Tony Woodlief | Author

A Filled-Up Life

Monday was Caleb’s birthday. He is eight years old now. That morning I made breakfast for the family, and then took him to work with me. He did school work at the table in my office, and I did my own work at my computer. He finished first, because he is smarter than me, and a more diligent worker. So he took out a Lego spaceship kit that he got from his great-grandmother, and he put it together. After that, he built a hangar out of office supplies, and then built a paper airplane for me, to keep in the hangar. They’re on my desk now, though Caleb is at home, busy being an eight year-old, doing schoolwork and reading everything he can find and getting bigger by the second, so big that soon I won’t be able to pick him up and carry him to bed at night.

When we finished working we went to lunch, and then to Target so I could buy him a pencil sharpener he’s been wanting. On the way into the store, he walked beside me, and even though my hand was dangling near his arm, he didn’t take it the way he used to do when he was a little chattering boy. Now he is a big boy, and he doesn’t need to hold my hand so much any more.

They keep getting older, if you’re lucky, and so do you. Soon they don’t need you to hold their hands or make their sandwiches or say their bedtime prayers with them. Soon you have all the quiet time you ever wanted, hours and days and weeks of it, interspersed with an occasional phone call, if you’re lucky. Soon they are grown and they are gone.
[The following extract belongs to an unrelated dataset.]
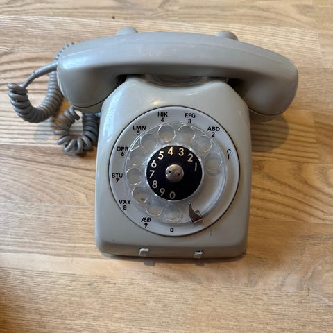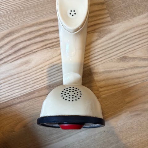 Legetøjstelefon fra begyndelsen af 70'erne. "Kroppen" er af træ. Virker endnu. Med en masse brugsspor. Trænger til at blive renset.

I have years and years left with them, and I am sure they will grind me down to dust before the last of them leaves, but sometimes I am sad when I think about an empty house. I am happy too, in a way I didn’t expect, because I know one day each of them will have his own house full of youngsters. They will crawl into his bed at all hours, and make messes and fill every room with giggles. He will toil and fear and laugh over each of them just as I have over my own children, and there is nothing better on earth.

I would give them anything, because their happiness is mine, and so I am happy when I think about their houses full of children, because I know that no matter what I do to make them smile now, there is an incomparable joy awaiting them, the joy of their own children. It almost makes it worth letting them go, not that I have a choice, which is probably best, selfish as I am.
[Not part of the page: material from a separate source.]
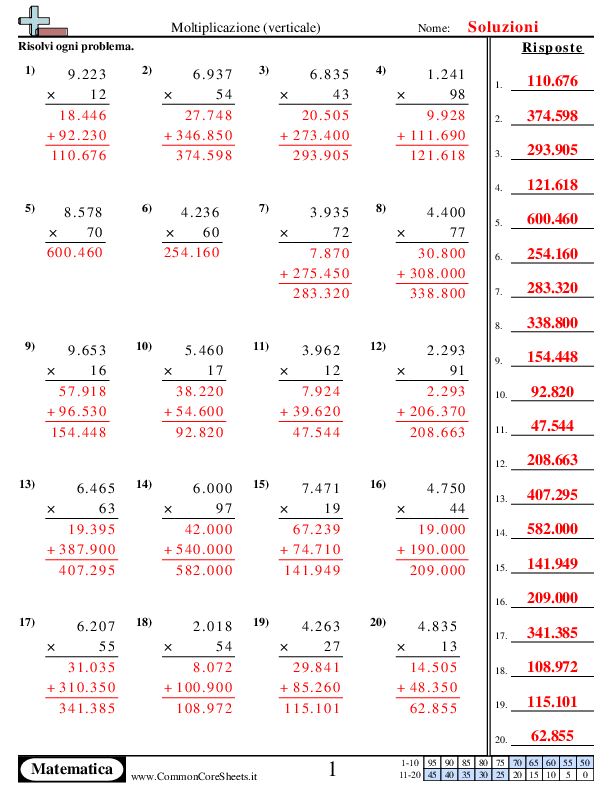 Moltiplicazioni in colonna 4 cifre × 2 cifre

That’s a lot of philosophizing for an eight-year birthday, more than I did on my 40th. It’s warranted, I suppose, because while I am simple and shot through with weakness, they amaze me. They come out so small and defenseless, and before long they are throwing crotch-level tackles and asking impossible questions, and healing wounds I didn’t even know were there. We look far and wide for miracles and even rumors of miracles, and forget the miracles among us, the small lives that God is either foolish or hopeful enough to trust us with.
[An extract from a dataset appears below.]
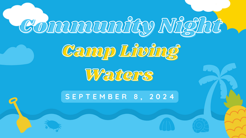 Join us for our annual back to school community night at Camp Living Waters! There will be a slide and pool available, so come ready for some water fun! It will be from 4-6 p.m.

I’ve had eight years with Stephen Caleb, and five with Timothy Eli, and three with William Isaac, and less than one with Isaiah John, and I’ve not appreciated the time as I should. Let me appreciate the years to come. Let them be many, a great many, and forgive me for the time I’ve wasted. Forgive me for overlooking these miracles.

We could fill up a life with thank you and forgive me, couldn’t we? I imagine we should say both every day.